BELEAGUERED Chief Constable Barry Shaw has come under renewed fire after refusing to fill in the blanks in the balance sheet for Operation Lancet.

The Cleveland Police chief said the overall cost of the three-year long investigation amouned to £3.25m, in a report to the Police Authority last week.

But a breakdown of totals revealed that expenditure, including the salaries of eight suspended officers, had not been accounted for.

And a 50 per cent increase in the budget for special inquiries, from £1m to £1.5m, has also not been explained.

A Cleveland Police spokes-man said no further information would be provided, unless it was requested by the Police Authority.

But MP Ashok Kumar criticised Mr Shaw for refusing to explain how taxpayers' money had been spent.

The Middlesbrough South and East Cleveland MP, a long-standing critic of the handling of the inquiry, said: "It is absolutely shameful.

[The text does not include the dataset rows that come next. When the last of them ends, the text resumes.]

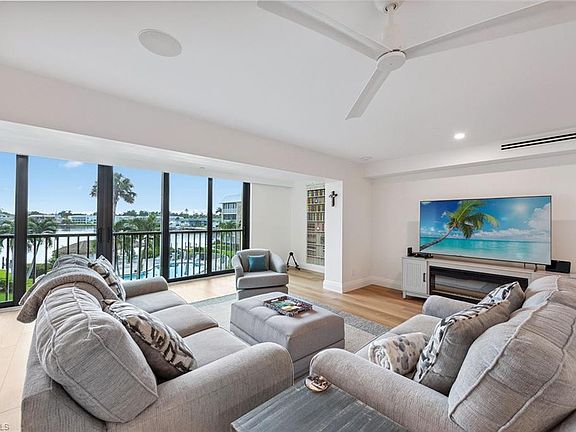 This updated third-floor, three-bedroom home offers stunning views of Moorings Bay. Conveniently located across from beach access, you can spend your days basking in the sunshine and end the day watching the colorful sunset. This newly remodeled unit features luxury vinyl plank flooring throughout, a smart home control panel, in-unit laundry, a west-facing open-aired private balcony off the primary bedroom with Gulf views and much more. Enjoy this bay-front residence featuring a wall of impact glass sliders designed to maximize the view. The kitchen is equipped with Lincoln quartz countertops and backsplash, a large island with bar seating that is perfect for entertaining guests, Bosch appliances and a wet bar complete with a wine cooler. Harbour Cove residents enjoy a peaceful bay-front pool, grills, and onsite boat slips that can be leased through the association. Owners can lease their units three times a year with a 60-day minimum. Located on Gulf Shore Boulevard, just north of Harbour Drive, it's a quick bike ride to the private Moorings Beach Park or the renowned shopping and dining at Venetian Village.
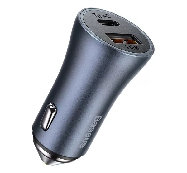 BASEUS autós töltő USB+Type-C aljzat (40W, PD gyorstöltő 3.0, LED jelzés) SZÜRKE
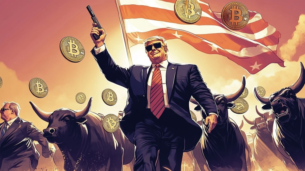 Создано на основе запроса: a group of bulls ready for the start in suits and sunglasses; the current head of the White House stands at the start, holding an American flag and pointing the starting pistol into the air; he is smiling broadly; lots of bitcoins in the air --- Автоперевод: группа быков, готовых к старту в костюмах и солнцезащитных очках; Как тебе вариант? 🤔 https://dzen.ru/id/65c0c65c86e4f837c27b24d7 #ИИ #AI #нейросеть #midjourney #art
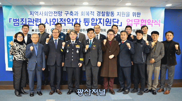 [±¤»êÀú³Î] ±¤ÁÖÀÚÄ¡°æÂûÀ§¿øÈ¸(ÀÌÇÏ ÀÚ°æÀ§)¿Í ±¤ÁÖ°æÂûûÀº ¹üÁË ÇÇÇØÀÚ µî ¹üÁË °ü·Ã »çȸÀû ¾àÀÚ Áö¿ø ÅëÇÕ ¿¬°è¸Á ±¸ÃàÀ» À§ÇØ Áö¿ª ¹Î°ü À¯°ü±â°ü°ú ¼ÕÀ» Àâ¾Ò´Ù.
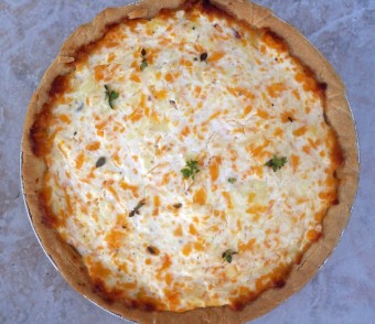 Layer the tomatoes, basil and onion in the pie shell. Sprinkle with salt and pepper. Spread your cheese and yogurt mixture on top of the tomatoes and allow to cook for 30 minutes or until the top is lightly browned.
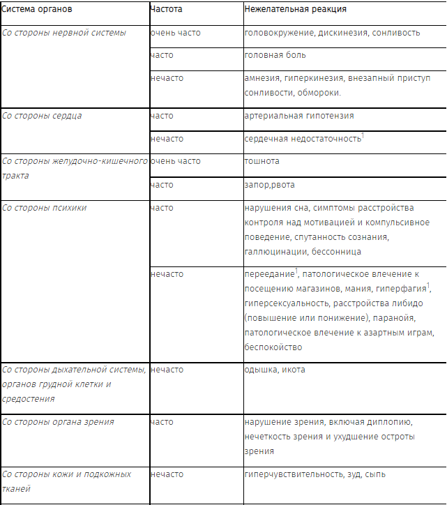 Прамипексол может оказывать значительное влияние на способность управлять транспортными средствами или работать с механизмами. Могут возникать галлюцинации или сонливость.
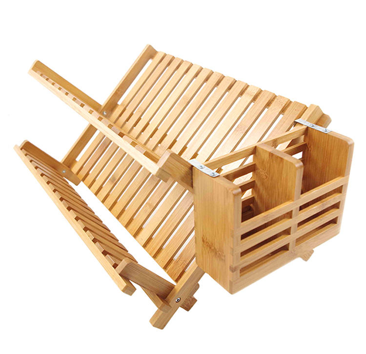 2 Nivel de Dish Rack plegable plato de secado Rack plegable plato escurridor placa de madera Rack
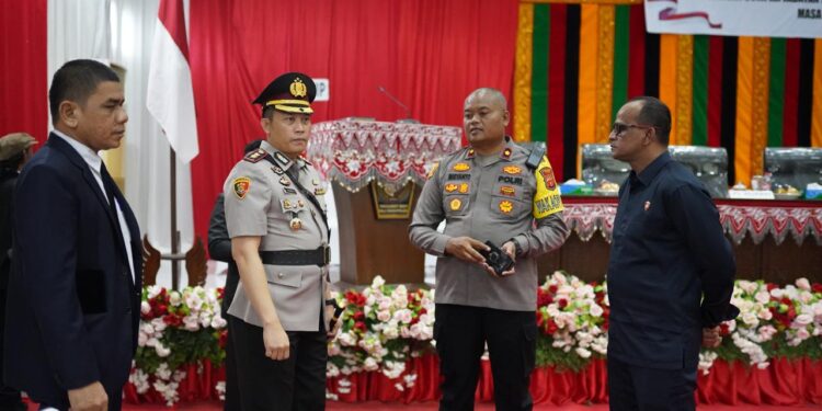MERDEKABICARA.COM | PIDIE – Ratusan Personel Polres Pidie bersama Personel TNI dan stakeholder terkait lainnya berhasil mengamankan Pengambilan Sumpah dan Pelantikan Bupati dan Wakil Bupati Pidie periode 2025-2030 yang berlangsung di Gedung Dewan Perwakilan Rakyat Kabupaten Pidie, Selasa (18/02/2025)
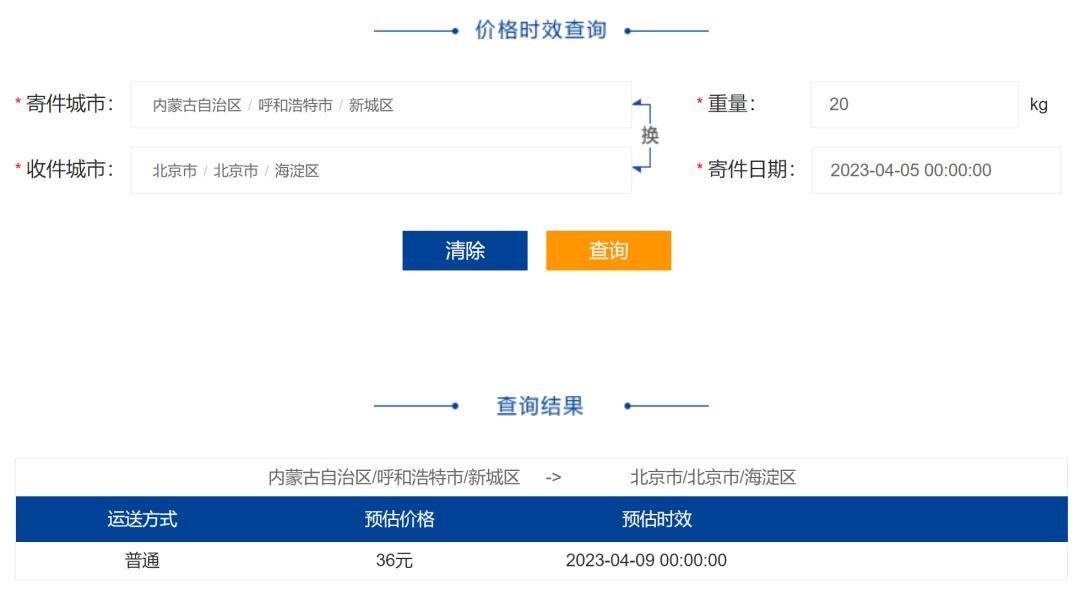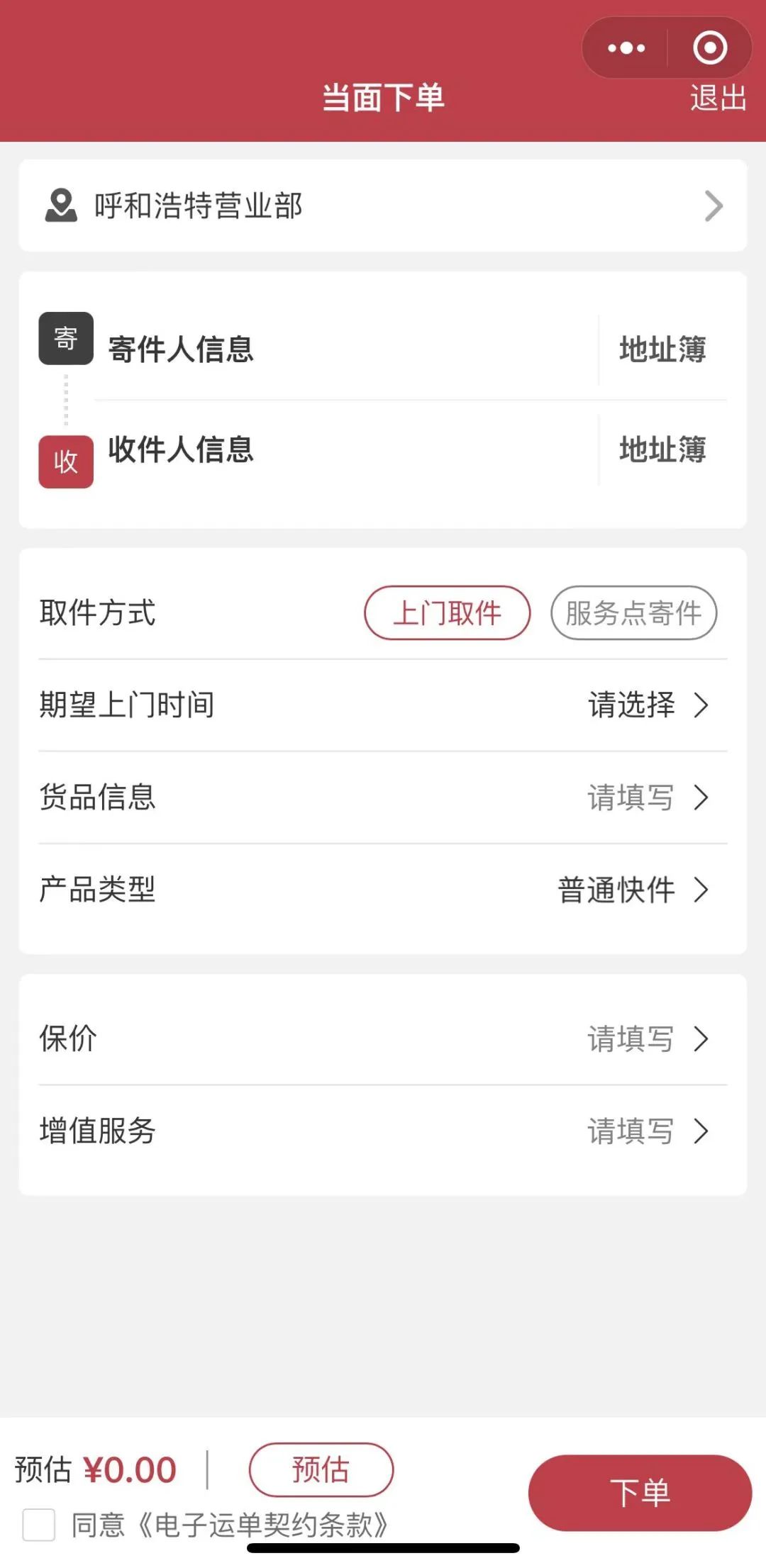 微信小程序搜索中铁快运,登录后选择服务网点,填写寄件人、收件人和物品信息,选择“上门取件”或者“服务点寄件”,可以看到预估费用等信息。

The Chief Constable gets his salary paid by the public purse and he has the cheek to say he is not going to answer questions."

The police spokesman said no further information had been requested by the Police Authority but Mr Kumar said this was a damning indictment of the authority's inability to monitor the situation.

He said: "The Police Authority has miserably failed to make the Chief Constable accountable. Democracy is being thrown out of the window."

Mr Kumar said the salaries of the suspended officers would come in at about £1.5m, and the Chief Constable's figure also did not include the cost of his own time and other inquiries set up alongside Lancet.

The police spokesman said: "The information provided is all that is in the public domain. It is not our intention to provide data at a more detailed level."

The Crown Prosecution Service last week announced that no criminal charges would be brought under Lancet, although disciplinary hearings could still take place.